- [What you should do] Scan the data below for lines holding the word "with", and copy each line found.

- [Dataset extract]
<<<<
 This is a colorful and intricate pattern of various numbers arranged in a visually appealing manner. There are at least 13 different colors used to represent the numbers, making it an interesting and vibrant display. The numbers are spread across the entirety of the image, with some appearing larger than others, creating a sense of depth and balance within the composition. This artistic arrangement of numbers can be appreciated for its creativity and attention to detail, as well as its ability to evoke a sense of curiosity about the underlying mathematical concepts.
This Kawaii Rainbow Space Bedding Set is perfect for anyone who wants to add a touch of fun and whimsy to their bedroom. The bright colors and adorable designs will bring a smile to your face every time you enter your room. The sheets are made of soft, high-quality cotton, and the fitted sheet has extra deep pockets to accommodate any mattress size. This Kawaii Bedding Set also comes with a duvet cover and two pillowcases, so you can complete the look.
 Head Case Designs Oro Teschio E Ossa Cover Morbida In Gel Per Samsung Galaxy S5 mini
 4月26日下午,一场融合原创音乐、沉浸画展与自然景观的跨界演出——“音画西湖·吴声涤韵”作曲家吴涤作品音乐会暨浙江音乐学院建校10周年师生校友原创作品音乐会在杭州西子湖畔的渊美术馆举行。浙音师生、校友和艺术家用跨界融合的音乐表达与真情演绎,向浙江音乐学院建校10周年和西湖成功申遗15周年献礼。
>>>>
<<<<
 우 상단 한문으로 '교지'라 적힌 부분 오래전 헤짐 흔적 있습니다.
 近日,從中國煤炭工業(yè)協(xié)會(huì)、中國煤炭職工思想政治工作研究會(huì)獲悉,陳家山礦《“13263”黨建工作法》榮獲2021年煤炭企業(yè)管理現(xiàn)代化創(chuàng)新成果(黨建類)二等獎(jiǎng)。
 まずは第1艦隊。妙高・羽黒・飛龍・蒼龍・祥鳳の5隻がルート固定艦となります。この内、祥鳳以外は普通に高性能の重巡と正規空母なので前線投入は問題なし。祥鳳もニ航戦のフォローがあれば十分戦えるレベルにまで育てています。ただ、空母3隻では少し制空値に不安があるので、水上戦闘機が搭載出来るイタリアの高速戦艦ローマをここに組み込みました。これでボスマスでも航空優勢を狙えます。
>>>>
- [Solution to the exercise]
 This is a colorful and intricate pattern of various numbers arranged in a visually appealing manner. There are at least 13 different colors used to represent the numbers, making it an interesting and vibrant display. The numbers are spread across the entirety of the image, with some appearing larger than others, creating a sense of depth and balance within the composition. This artistic arrangement of numbers can be appreciated for its creativity and attention to detail, as well as its ability to evoke a sense of curiosity about the underlying mathematical concepts.
This Kawaii Rainbow Space Bedding Set is perfect for anyone who wants to add a touch of fun and whimsy to their bedroom. The bright colors and adorable designs will bring a smile to your face every time you enter your room. The sheets are made of soft, high-quality cotton, and the fitted sheet has extra deep pockets to accommodate any mattress size. This Kawaii Bedding Set also comes with a duvet cover and two pillowcases, so you can complete the look.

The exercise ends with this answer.